Brett - Not sure if you have/want high beam assist but I made it a deal breaker and had it retrofitted. Not straightforward but if you are interested then I recount the issues I had.

I am however now pleased I have it (apart from in fog!)


----------



## RuuTT (Apr 22, 2010)

For those still contemplating this; it is at least a lot more afforable now to make the change; https://www.kufatec.de/shop/en/audi/tt/ ... i-tt-8s-fv
About GBP 1500 is still a lot of money but might be more interesting now. If you resell the original units the net price will go down even further.


----------



## phazer (Apr 2, 2018)

RuuTT said:


> For those still contemplating this; it is at least a lot more afforable now to make the change; https://www.kufatec.de/shop/en/audi/tt/ ... i-tt-8s-fv
> About GBP 1500 is still a lot of money but might be more interesting now. If you resell the original units the net price will go down even further.
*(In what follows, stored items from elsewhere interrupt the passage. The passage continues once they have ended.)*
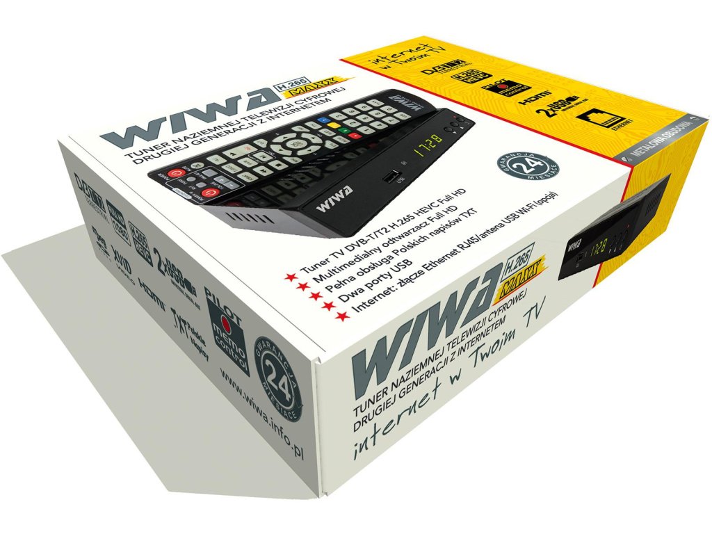 Moderní tuner (dekodér) DVB - T/T2 WIWA H.265 MAXX podporuje volně vysílané kanály pozemní digitální televize v nejnovější technologii H.265/HEVC. Jedná se o normu, která bude platit v Polsku. Tuner je kompatibilní se staršími technologiemi H.264 a MPEG-4, což jsou současné vysílací standardy v Polsku, což zvyšuje úroveň použitelnosti dekodéru DVB - T/T2 WIWA H.265 MAXX a zároveň zaručuje provoz ve standardu H.265/HEVC.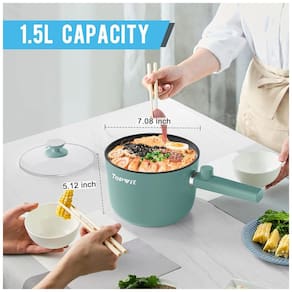 O Hot Pot elétrico TopWit de 1,5 litros é a solução perfeita para suas refeições diárias, combinando eficiência, praticidade e segurança em um único produto. Com duas configurações de potência - 250W e 600W - você pode preparar uma variedade de pratos com facilidade, desde aveia, espaguete, panquecas e ovos na potência baixa, até bifes, salmão, refogados e hot pot na potência alta. Seu design inteligente com capacidade ideal para até 12 pessoas oferece amplo espaço para cozinhar ramen, hot pot, saltear e fritar, contando com um diâmetro de aproximadamente 18 cm e profundidade de 13 cm. A panela possui um cabo longo que garante uma pegada confortável, facilitando o manuseio durante o cozimento e a limpeza.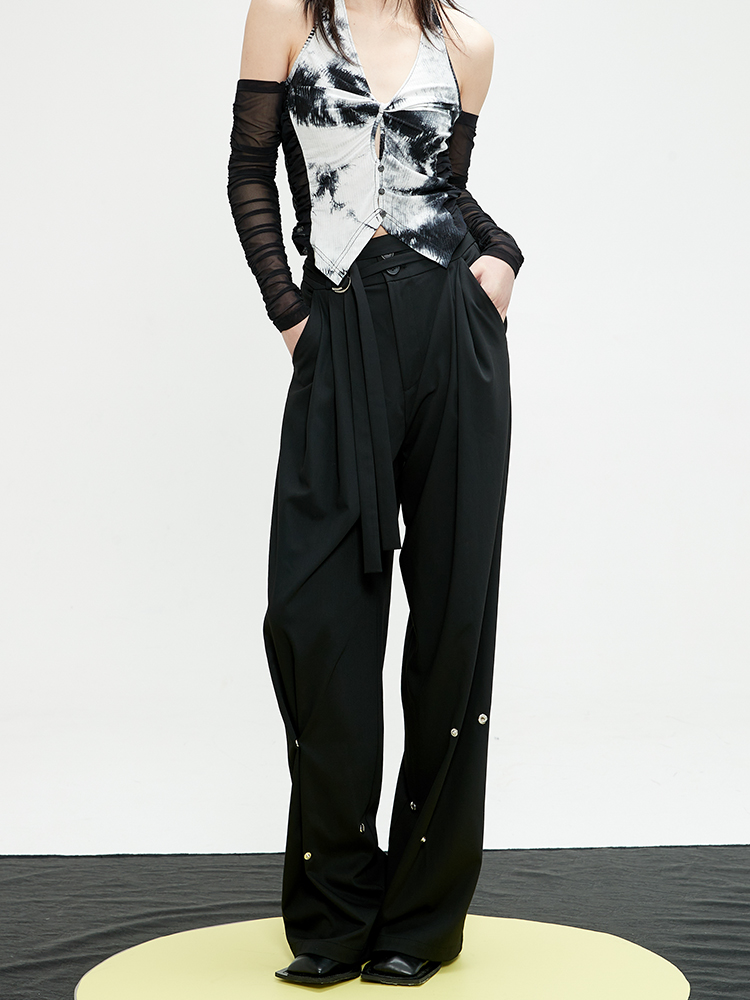 TakeCare金属扣收口设计宽松显瘦西装裤热门设计联盟服务商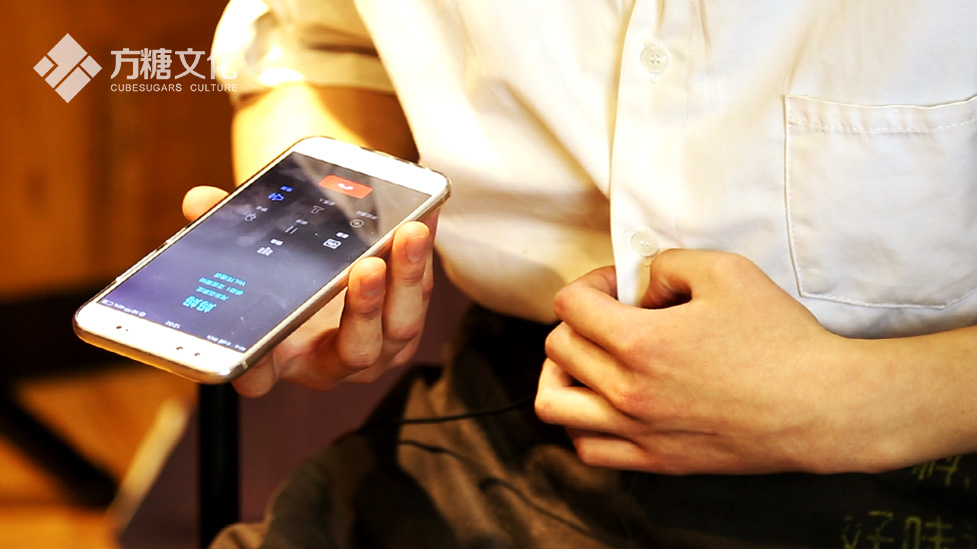 饭后,导演摄像便和侯氏的负责人商谈起拍摄事宜,主要是拍摄地点的选取、受访员工的筛选和采访顺序的安排。因为需要录制同期声,所以地点的选取就显得尤为重要了。在一番权衡后,我们把拍摄地点选在了一个很靠里的小包厢,空间虽然不大,但胜在足够安静。商榷好拍摄事宜后,小编便和摄影师一起摆放灯具、背景布和拍摄用到的道具,顺便配合摄影师试镜调整机位;与此同时,店里的员工也开始陆续上班,准备晨会。9点20分,前期准备工作完成,拍摄正式开始。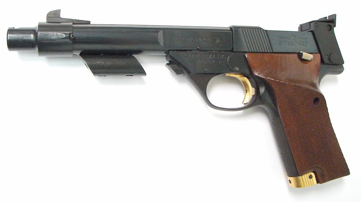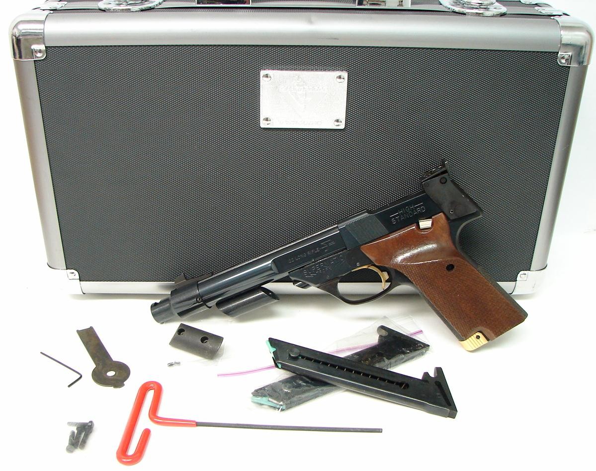 High Standard 107 Military Supermatic Trophy target model with 5 3/4" barrel, compensator and barrel weight. The gun has been expertly refinished and is in excellent condition with 2 extra magazines and another barrel weight, all in a modern carry case. A neat set.

Isn't that just one single headlight? It also says they're from "test" vehicles which means second hand. If that's the case they aren't much cheaper than new.


----------



## ReTTro fit (Nov 9, 2014)

I've been looking on eBay at second hand matrix headlights and they can be got for about £300 ( ish ) each side

Just got to look into the looms / pins compared to my normal led headlights

Sent from my iPhone using Tapatalk


----------



## stumardy (Oct 25, 2009)

Never had the Matrix till this TTS and I think they are awesome! really great! love them and would now always spec LED matrix headlights.


----------



## thegingerone (Nov 5, 2011)

Ben-S said:


> > I would suspect the calibration of the camera might be an Audi only job.
> 
> 
> The TT I bought recently (that has matrix) needed a new windscreen (a chip-another story I might share at some point; safe to safe the dealers didn't cover themselves in glory) and the main dealer that sold it to me messed up the calibration after the new screen was fitted so I drove the car home with warning lights on. Local main dealer to me (Audi Portsmouth) did not have the calibration kit to do the job so I was sent to Audi Southampton. Because it was a fault on handover it was not a warranty job but for the origianal dealer to pay. Because they were a bit tardy about giving permission for the work I got to see the paperwork to 'encourage' them to sort it out as I might have had to pick up the bill if not sorted before I left the Southampton dealers with a fixed car. One dealer charged the other £340 (not inc VAT) to do the job so it's clearly an extra cost to be wary of and also not a job that even all main dealers can sort for you.
> ...


Yup, had my screen replaced by Autoglass who also done the calibration. Had to attend a specialist centre though. My excess was £40 which covered it all. Was done about 4 months ago and no issues. (Other than rejecting the first screen due to scratches. It was Autoglass who pointed the scratches out and gave me the option to reject)


----------